During the broader rollout, maintain a high level of monitoring and iteration. Your job as the MSP doesn’t stop at flipping the switch for more users; in fact, this is where the managed service aspect truly kicks in. Set up routine reports (perhaps monthly) to review Copilot usage and any potential exposure risks across all users. Microsoft provides tools like the Service Access Monitor (SAM) and DPSM (Data Protection Score Metrics) for AI – use these to track how Copilot is interacting with the client’s data over time. If you see, for example, that usage is low in a certain department, that might signal the need for a refresher training or a meeting to find relevant use cases for them. If you spot any risky behavior (like someone consistently trying to get around restrictions), you can address it quickly – either with a policy adjustment or a direct conversation.

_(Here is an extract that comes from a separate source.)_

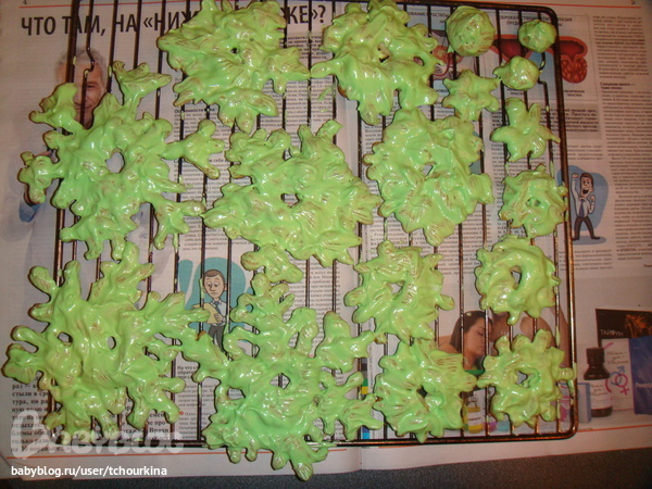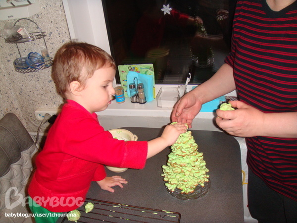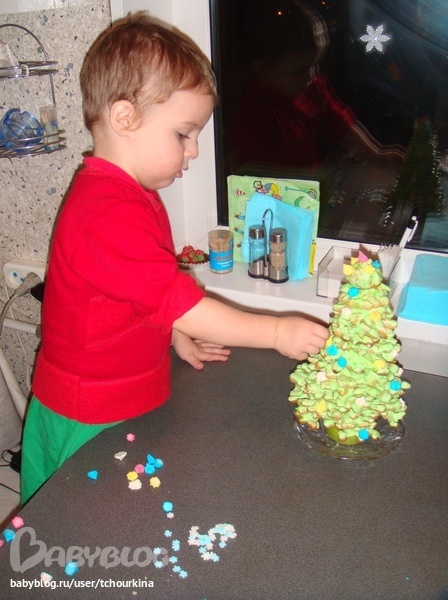 Потом доставить кулинарные посыпки и украшения и на капельки глазури прикрепить к елочке (это тоже работа для Вовуськи):

This phase is also about operationalizing AI as part of business-as-usual. Help the client integrate Copilot into their standard workflows. Perhaps you schedule periodic check-ins (quarterly “AI value review” meetings) to discuss how things are going and introduce new Copilot features (Microsoft will be updating it regularly with new capabilities). Encourage the client to designate internal “AI champions” or power users in each department who can continue driving adoption from within. As an MSP, you can host Q&A sessions or office hours for Copilot users as the rollout continues, ensuring questions get answered and new ideas are heard.

Crucially, demonstrate ongoing value. Remember those metrics and success stories you gathered? Keep updating them as usage grows. Maybe after 6 months, you can report to the client’s leadership that “Copilot has generated X deliverables, saving an estimated Y hours – effectively Z dollars – and no security incidents have occurred.” This helps frame the value proposition in hard numbers, reinforcing why the client invested in AI services. It also sets the stage for you to upsell additional AI capabilities in the future. For example, if Microsoft releases a new AI feature (like a domain-specific Copilot or an upgrade to capabilities), you can propose it knowing you have a track record of success.

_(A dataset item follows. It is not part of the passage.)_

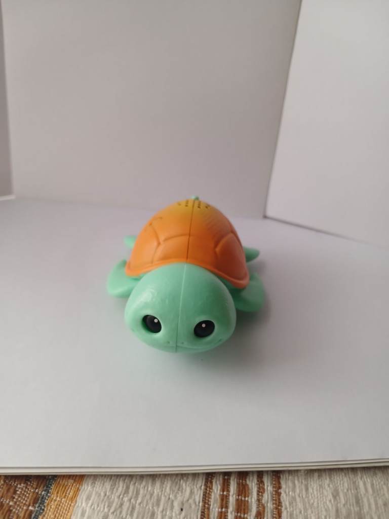 This is an adorable, interactive sea turtle toy designed with a vibrant, friendly aesthetic. It features a soft, mint-green body with large, expressive black eyes and a gentle smile. Its shell is a striking "sunset" orange that fades beautifully into a deeper golden-yellow near the edges.
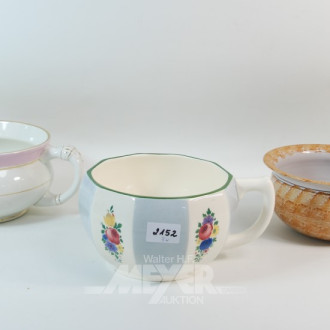 3 Nachttöpfe, tlw. mit Sinnspruch,

Lastly, incorporate feedback loops. Solicit feedback from end-users and stakeholders regularly. Users might suggest new ways they wish to use AI, which could turn into new service offerings you provide. Or they might identify limitations – which could lead you to adjust governance or seek out third-party solutions to augment Copilot. Continuous improvement is the name of the game. In one successful rollout, the MSP and client moved toward automating permission reviews and other maintenance tasks to keep the AI ecosystem clean and efficient. This kind of optimization keeps the service scalable and sustainable over the long term.

With the proper groundwork and a client-first mindset, selling AI services can be a win for your clients, a win for their end-users, and a big win for your MSP business.